Extended Data Fig. 6: Cycled strain-stress response upon gradually inreasing maximum strain.

We subject a commercial rubber band (a-c) and a ground state red-retroreflecting CLCE fibre made from LCO1 (d-f) to repeated strain-stress cycles at gradually increasing maximum strain, the speed being constant throughout the experiment. For the rubber band, we continue up to the point of rupture, whereas the CLCE fibre is strained only up to ϵ_xx = 2. Diagrams a/d show the applied strains ϵ_xx as a function of experiment time whereas b-c/e-f show the hysteresis behavior of σ_xx(ϵ_xx), with ϵ_xx-axis scaling adapted to the rubber band (b/e) and to the CLCE fibre (c/f), respectively. We find qualitatively similar behavior, although the hysteresis of the rubber band for strains exceeding the initial linear regime actually is larger than that of the CLCE fibre under the corresponding straining conditions.
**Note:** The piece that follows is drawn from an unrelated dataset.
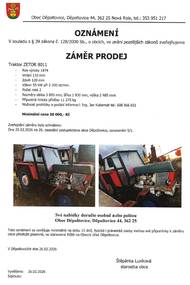 Obec Děpoltovice oznamuje záměr prodeje traktoru ZETOR 8011. Traktor je vyroben v roce 1974 a jeho minimální cena činí 50 000 Kč. Zájemci mají možnost prohlídky a kontaktování Ing. Jana Kubernáta pro více informací.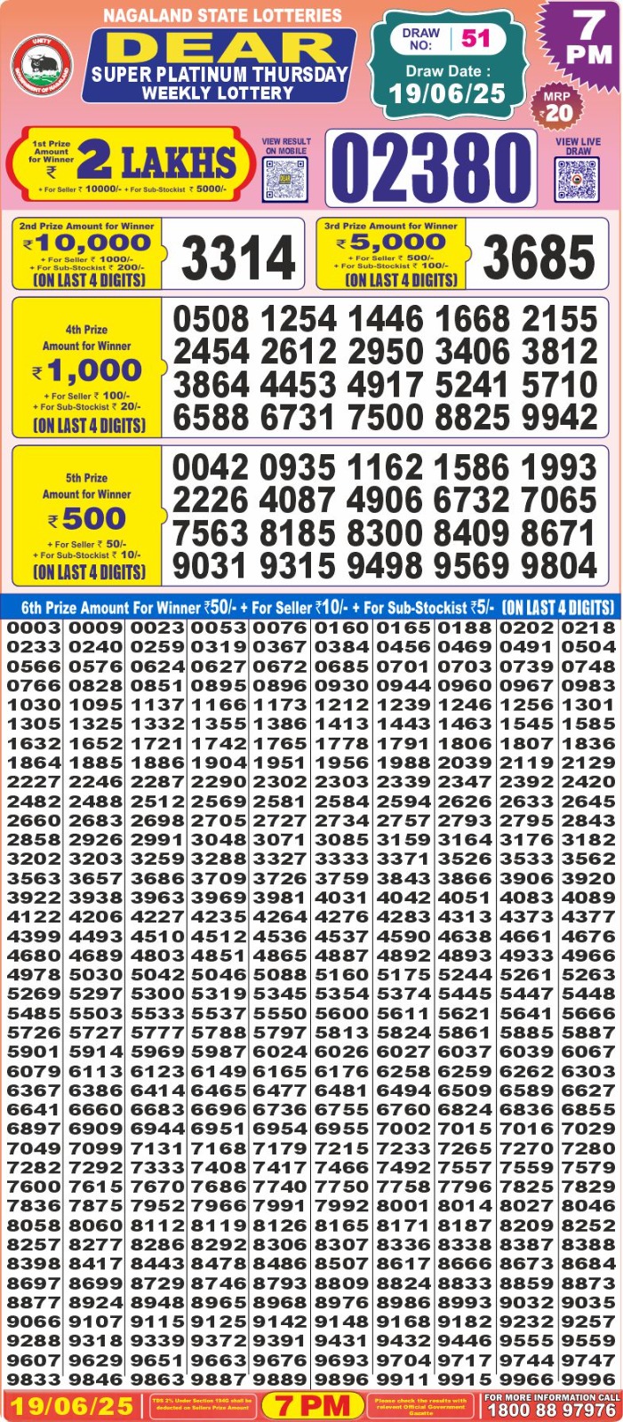 डिअर लाटरी का शाम 7 बजे का रिज़ल्ट दिनांक 19.6.25

We note that the breaking stress \({\sigma }_{xx}^{max}\) for the rubber band here is only about 1/3 of that in Extended Data Fig. 5, although the breaking strain is comparable (\({\epsilon }_{xx}^{max}\approx 5.5\) here compared to 6.3 in Extended Data Fig. 5). This suggests that plastic deformation starts setting in during the cycles at gradually increasing maximum strain, leading to different breaking stress compared to the single increasing straining until break in Extended Data Fig. 5. For the CLCE fibre, the maximum \({\epsilon }_{xx}^{max}=2\) corresponds to \({\sigma }_{xx}^{max}\approx 12\) MPa which is about 20% higher than in Extended Data Fig. 5 for the same strain. We attribute this difference primarily to the slight variability between individual fibres in our non-automated CLCE fibre production.